How to Sell a $250,000 Diamond Ring

You know how when you want to sound professional on the phone, you do that thing where you clear your throat, steady your voice, and then inevitably start talking THREE OCTAVES HIGHER in that sickening sweet, Southern-Belle-esque manner, almost as if you were speaking to a priest, or maybe the sheriff, all while using words like “extrapolated” and “decisive” and pacing around your living room hoping they have no idea you actually just had wine and DOES HAVING WINE IN THE MIDDLE OF THE DAY MAKE YOU A BAD PERSON? (For the record it definitely does and I am living proof.)

Yeah. That voice. That voice is the reason I almost laughed my literal ass off yesterday.

You see, it all started with this ring.

I saw that ring on Tiffany’s, and who wouldn’t want that ring? That’s the kind of ring for people trying to detract from how large their wrists have gotten, which is precisely the kind of person I am.

I do all sorts of things with this ring. I screenshot it. I print it out. I upload it into Evernote. I doodle hearts around it. And that’s when an evil plan formed.

Me: I have oneeee more thing to add to your to-do list.
Jess: Sure!
Me: It’s kind of a…weird request.
Jess: No problem!
Me: Will you call Tiffany’s and inquire about the cost of this ring?!?!?!
Jess: Uh…
Jess: Uh….
Jess: Uh……Sure! (Because Jess is the kind of person who is never ever disagreeable even when people like me ask her to do ludicrous things like this.)

And so we laugh and I go about my day thinking nothing more of it, and Jess goes about hers, until later on, when I suddenly see a stream of capital letters and exclamation points come into the screen.

We get on video, where Jess proceeds to laugh hysterically as she tells me how she used her most professional voice of all her professional voices—relaying an exact play-by-play of what was said, and how she basically sounded like Violet from Downton Abbey, the imagery of which really made it all worthwhile. All I know is that the words “what kind of an investment are we speaking of?” and “a minimum of $250,000” were uttered, at which point I break down into tears of laughter imagining Jess on the phone with TIFFANY’S NEW YORK INQUIRING ABOUT A ONE-OF-A-KIND $250,000 BLUE BOOK COLLECTION DIAMOND RING—the only one of its kind in the world—sweating through her armpits and surely wanting to murder me.

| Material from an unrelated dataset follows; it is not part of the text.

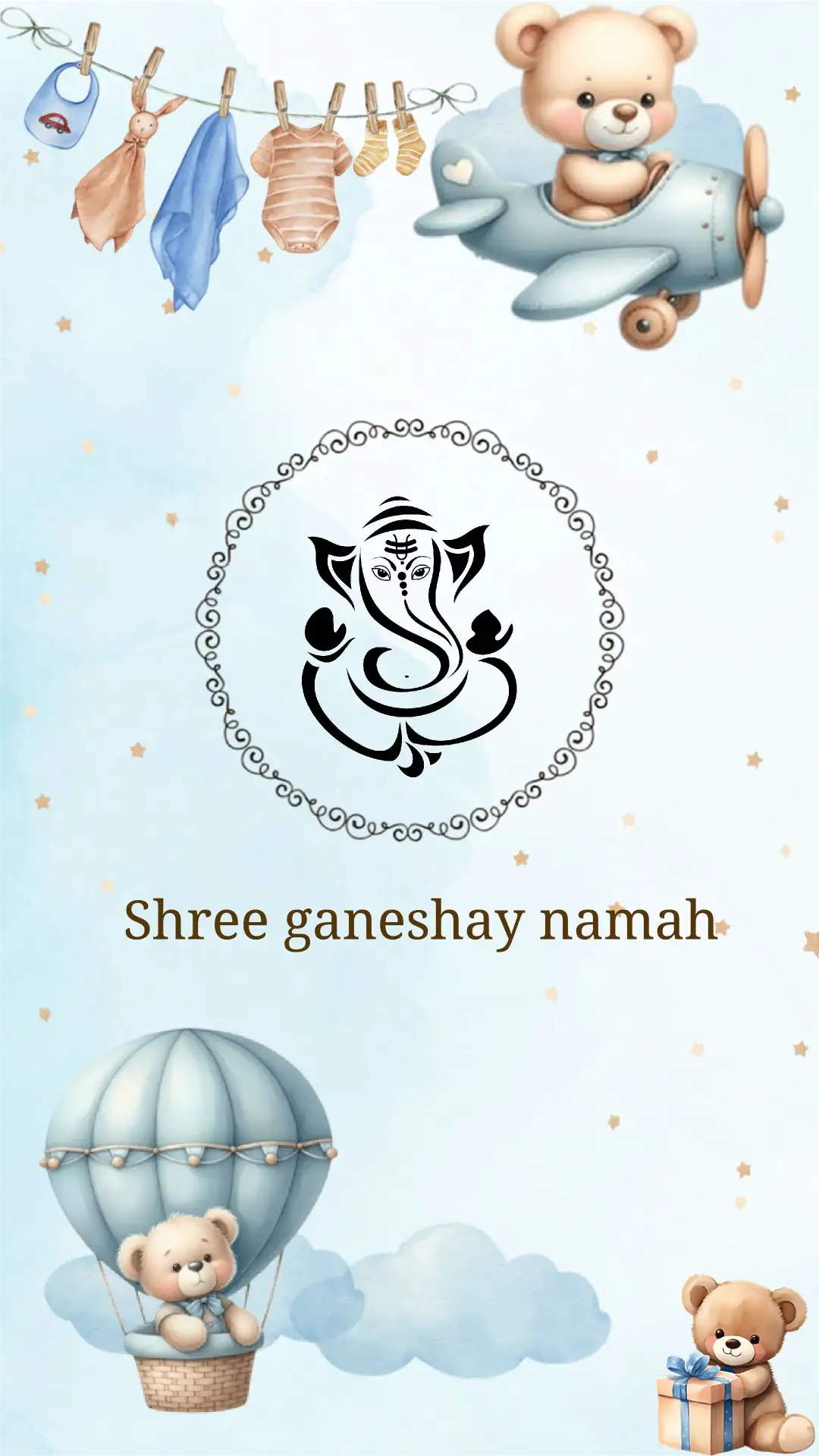 A beautiful Indian baby shower invitation card featuring soft pastel colors, cute baby illustrations, and traditional godh bharai elements. Ideal for digital sharing and easy customization.

But, you know, I had my reasons. Not because I was considering putting a house on my finger, but because I had read this article about whether a Tiffany’s diamond was any more inherently valuable than a Costco diamond—and turns out, not always. Carat for carat, the diamonds they looked at were, all things considered, the same. So, why such a significant price difference?

The answer was already one I knew: Because brand is selling power.

The Tiffany’s brand is what creates the additional value—not merely the product itself.

How?

Because when you’re wearing Tiffany’s, you’re never just wearing jewelry. You’re wearing a feeling. You’re wearing pride. Sophistication. Class. Poise. You’re wearing worldliness. Elegance. Savior vivre. And maybe a little sex.

And that is what people who buy from Tiffany’s are paying for.

A chance to reinforce the story they so desperately hope to be true about themselves, to themselves.

A chance to wear a feeling.

And a chance to belong to an exclusive *mental* world that the Tiffany’s brand has created, one blue box—and $250,000 ring—at a time.

Because when nothing about buying is rational, the way you sell doesn’t have to be, either.

Turns out, a person's feelings about your product are your product.

…Sometimes more than the product itself.